YOUR INSTRUCTIONS: Set down exactly, from the records below, the line with "夜間分享課程,林信雄老師分享" through the line with "Jarrón de cerámica, forma", and nothing else.

INPUT MATERIAL:
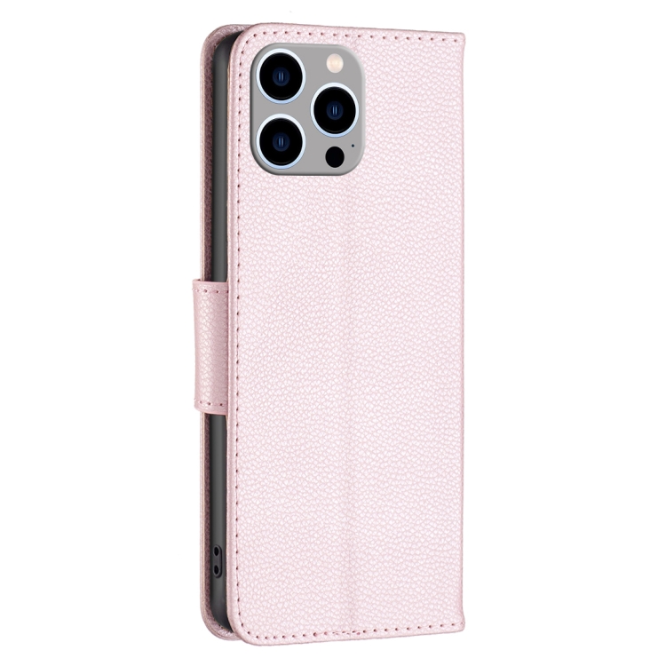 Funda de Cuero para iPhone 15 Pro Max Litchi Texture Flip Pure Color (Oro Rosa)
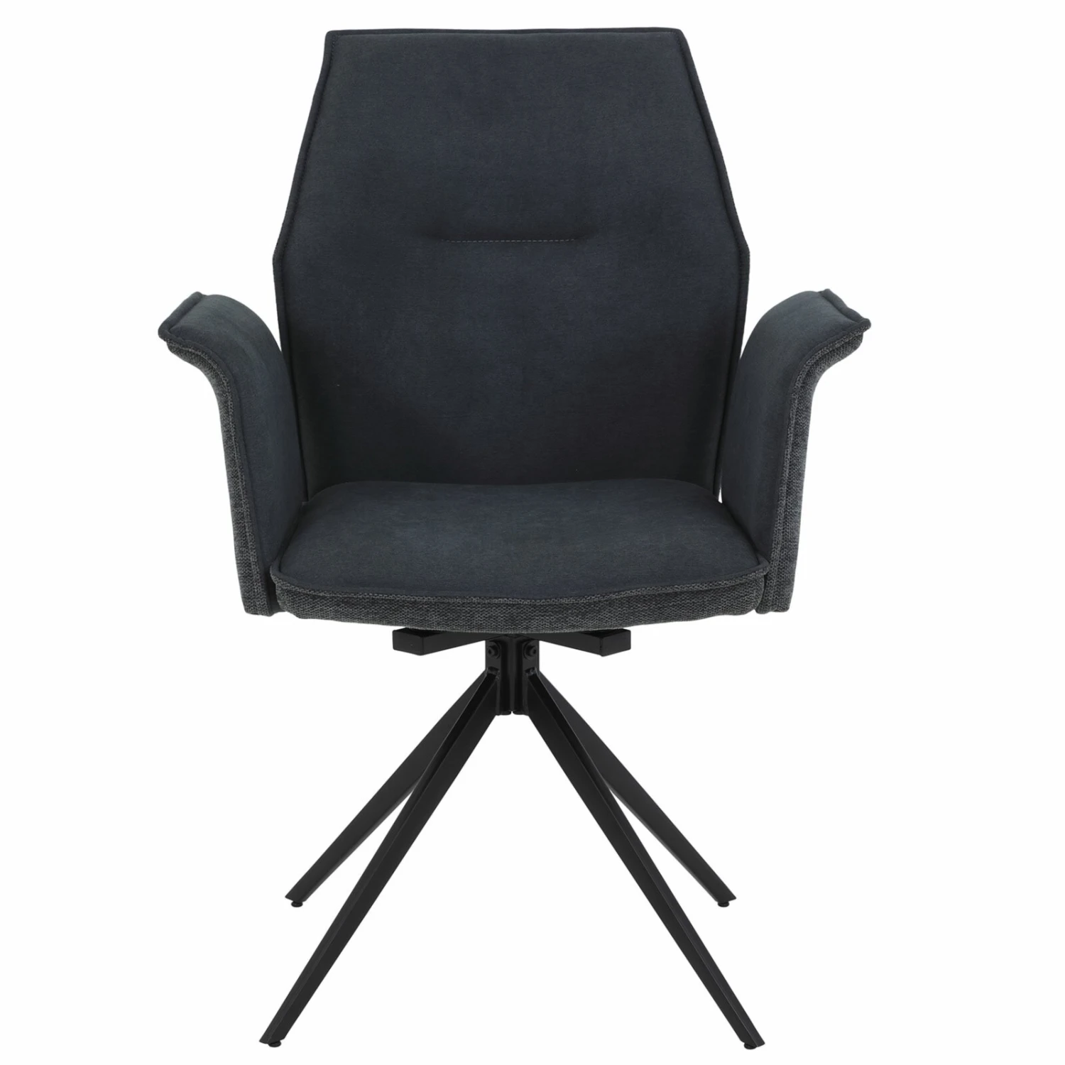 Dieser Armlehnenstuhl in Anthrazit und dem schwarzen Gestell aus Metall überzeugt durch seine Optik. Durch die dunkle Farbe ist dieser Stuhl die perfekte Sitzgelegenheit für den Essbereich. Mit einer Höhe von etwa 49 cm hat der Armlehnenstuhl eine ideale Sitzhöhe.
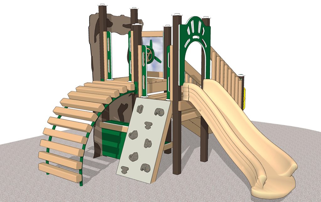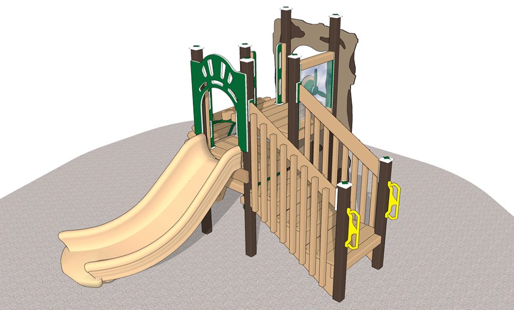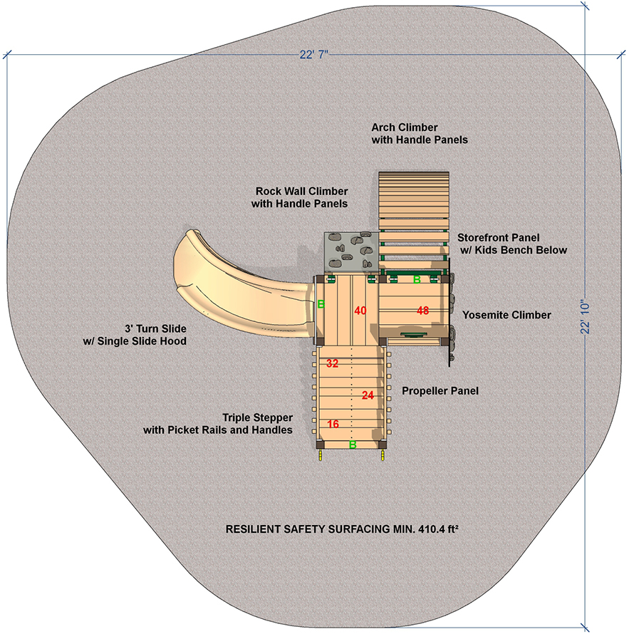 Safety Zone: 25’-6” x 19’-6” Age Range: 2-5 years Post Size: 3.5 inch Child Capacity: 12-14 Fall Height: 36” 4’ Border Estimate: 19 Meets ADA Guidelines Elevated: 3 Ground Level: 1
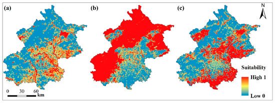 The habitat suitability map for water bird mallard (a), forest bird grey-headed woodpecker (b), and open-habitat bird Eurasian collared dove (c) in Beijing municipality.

---

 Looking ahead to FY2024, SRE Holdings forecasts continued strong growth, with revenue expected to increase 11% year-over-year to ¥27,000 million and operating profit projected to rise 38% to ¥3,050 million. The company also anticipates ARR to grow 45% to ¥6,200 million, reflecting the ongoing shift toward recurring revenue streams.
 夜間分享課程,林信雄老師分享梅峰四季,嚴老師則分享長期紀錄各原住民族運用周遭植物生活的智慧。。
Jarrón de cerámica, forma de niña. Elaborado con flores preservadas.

* * *

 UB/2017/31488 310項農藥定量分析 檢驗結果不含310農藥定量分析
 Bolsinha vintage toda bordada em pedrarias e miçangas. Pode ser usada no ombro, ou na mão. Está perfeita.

SOLUTION TO THIS EXERCISE:
 夜間分享課程,林信雄老師分享梅峰四季,嚴老師則分享長期紀錄各原住民族運用周遭植物生活的智慧。。
Jarrón de cerámica, forma de niña. Elaborado con flores preservadas.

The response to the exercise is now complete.